Context is divided into several aspect such as setting (place, time, psychological), participant, role relation, social class, topic, situation, and values or norm.
Setting is divided into place, time and psychological. The different place setting of the using of language can make geographical dialect. Other aspect of setting is time. Time is divided into synchronic and diachronic. Synchronic time is defined as the time where the speaker is. In the other hand, diachronic time is defined setting time which is based on history. Psychological is something related with the psychology of the speaker or the hearer.

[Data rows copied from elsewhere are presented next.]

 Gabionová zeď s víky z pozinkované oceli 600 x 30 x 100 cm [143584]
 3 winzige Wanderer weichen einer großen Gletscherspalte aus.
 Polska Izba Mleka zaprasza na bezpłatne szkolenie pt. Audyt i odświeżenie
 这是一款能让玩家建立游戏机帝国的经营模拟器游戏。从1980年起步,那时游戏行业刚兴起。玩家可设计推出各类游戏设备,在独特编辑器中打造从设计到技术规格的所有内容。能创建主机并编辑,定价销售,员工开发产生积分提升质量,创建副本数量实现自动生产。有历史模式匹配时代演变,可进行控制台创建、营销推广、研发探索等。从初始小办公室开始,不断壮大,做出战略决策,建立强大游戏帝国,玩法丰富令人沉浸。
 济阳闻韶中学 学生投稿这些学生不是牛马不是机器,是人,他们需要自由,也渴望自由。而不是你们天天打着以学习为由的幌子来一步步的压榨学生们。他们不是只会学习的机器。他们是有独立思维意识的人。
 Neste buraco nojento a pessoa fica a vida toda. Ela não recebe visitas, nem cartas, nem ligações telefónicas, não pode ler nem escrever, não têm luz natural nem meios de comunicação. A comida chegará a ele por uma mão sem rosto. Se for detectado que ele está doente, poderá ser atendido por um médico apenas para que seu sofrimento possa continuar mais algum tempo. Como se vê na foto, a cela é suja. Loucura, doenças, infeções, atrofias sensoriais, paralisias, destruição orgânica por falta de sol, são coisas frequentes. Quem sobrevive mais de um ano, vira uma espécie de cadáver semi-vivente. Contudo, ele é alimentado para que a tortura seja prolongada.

Participant is defined as anyone who is involved into the conversation. Role relation is related with who talk to whom in the social class (upper class, lower class, white collar, blue collar). Social class is divided based on wealth, education level, religion, and more. The next aspect of context is topic. Topic is simply said what they (speaker and hearer) are talking about. Situation is divided into formal (school, office, college) and informal. Values or norm connects to the rule of each culture. Every place in every country has its own values or norm and that is the important thing that we have to follow.

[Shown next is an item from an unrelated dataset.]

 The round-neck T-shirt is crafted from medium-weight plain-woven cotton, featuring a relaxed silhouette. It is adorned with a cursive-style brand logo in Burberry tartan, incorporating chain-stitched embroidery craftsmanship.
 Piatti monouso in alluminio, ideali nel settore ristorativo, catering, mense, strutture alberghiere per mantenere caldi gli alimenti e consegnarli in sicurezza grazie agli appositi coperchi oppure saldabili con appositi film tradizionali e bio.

Participant inside the text titled I Always Sit Here behind You is Jack and the man. It can be seen from this part
When he was carried away with his reading, he felt a touch on the shoulder and a voice saying, “Good morning, excuse me for asking.” A bit surprised, Jack answered, “Surely”. The man from behind went on,
Meanwhile, the topic which they are talking is about Jack’s daily activity. it can be seen from this part;
No, no I’m sorry but you go to work in the same time every morning, in the same railway station. You sit in the same seat, and you read the same newspaper on the same articles first after another. Do you think that is interesting?”

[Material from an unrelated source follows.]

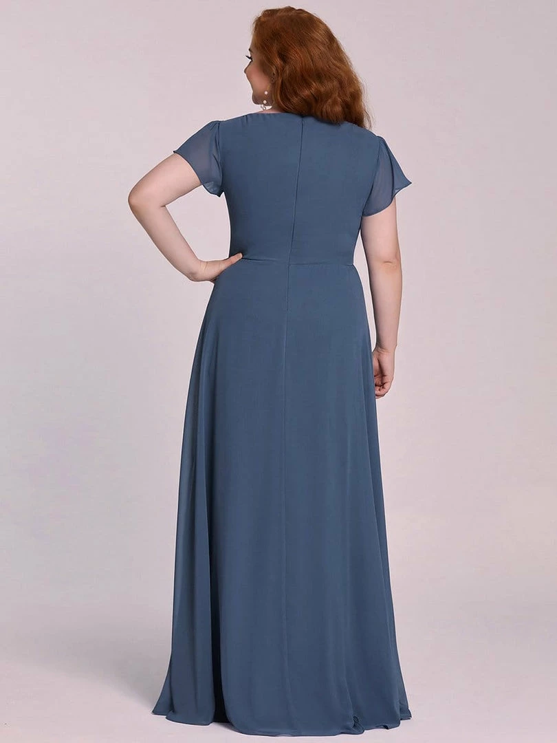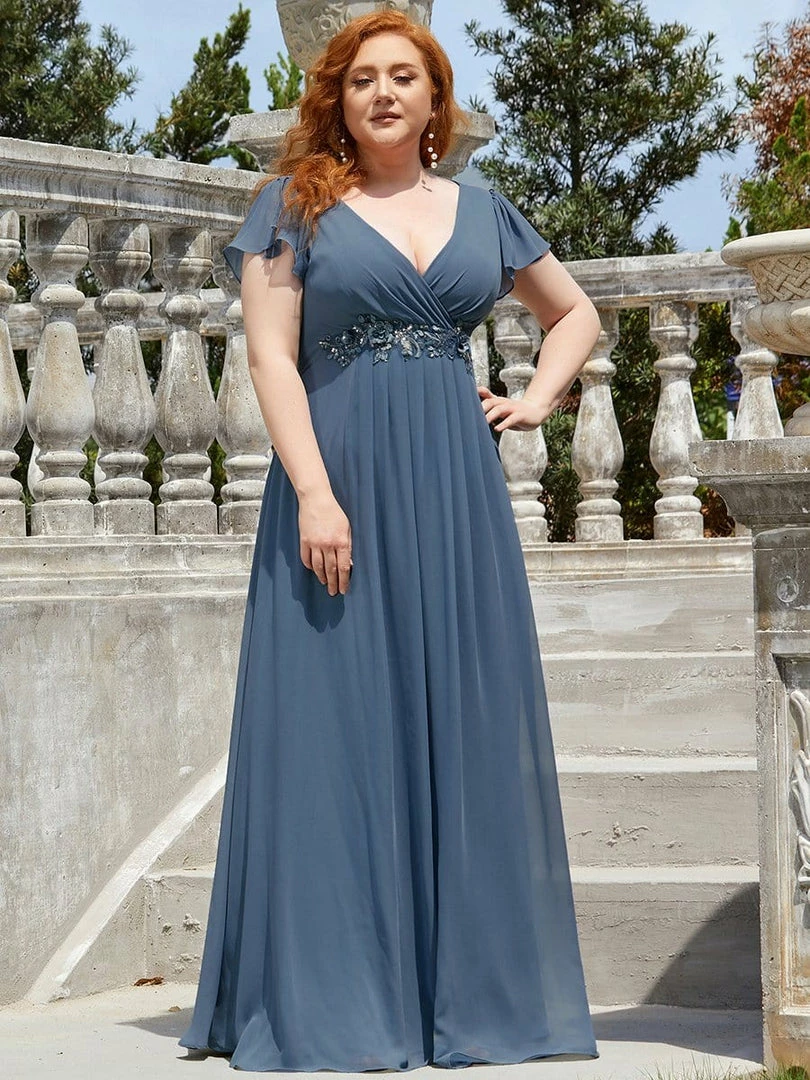 This beautiful V-neck plus size evening dress features a gorgeous sequin detailing in front, giving it a luxurious style perfect for any photo-worthy memories. Pleated material on this flowing floor-length A-line skirt gives this sophisticated evening dress an air of pure elegance, making it suitable for a wedding, concert, or other black-tie events.

The man feels curious about Jack is because every day he seat behind Jack but they never have a conversation. For the situation if the conversation is informal situation.
CHAPTER 4
CONCLUSION
The analysis of discourse is, necessarily, the analysis of language in use.That function which language serves in the expression of ‘content’ we will describe as transactional, and that function involved in expressing social relations and personal attitudes we will describe as interactional.
Sentence is grammatically complete string of words expressing a complete thought (Hurford & Heasley, 1983:18). Sentence is neither a physical event nor a physical object. It is conceived abstractly, a string of word put together by grammatical rules of language. A sentence can be thought of as the ideal string of words behind various realizations in utterances and inscriptions (Hurford & Heasley, 1983:16). Simply said that a sentence at least consist of subject and predicate or formed by noun phrase and verb phrase. In the other hand, utterance is any stretch of talk, by one person, before and after which there is silence on the part of that person. An utterance is used by particular speaker, on a particular occasion, of a piece of language, such as sequence of sentences, or a single phrase, or even a single word (Hurford & Heasley, 1983:15). Simply said, utterance is speech with a complete thought. And of course utterance need context to make it easier to be understood.
Context is divided into several aspect such as setting (place, time, psychological), participant, role relation, social class, topic, situation, and values or norm.
BIBLIOGRAHPHY
James R.Hurfod, & Brendan Heasley (1983) ‘Semantic: a coursebook’ Cambridge University Press.
Gillian Brown & George Yule (1983) ‘Discourse Analysis’ Cambridge University Press.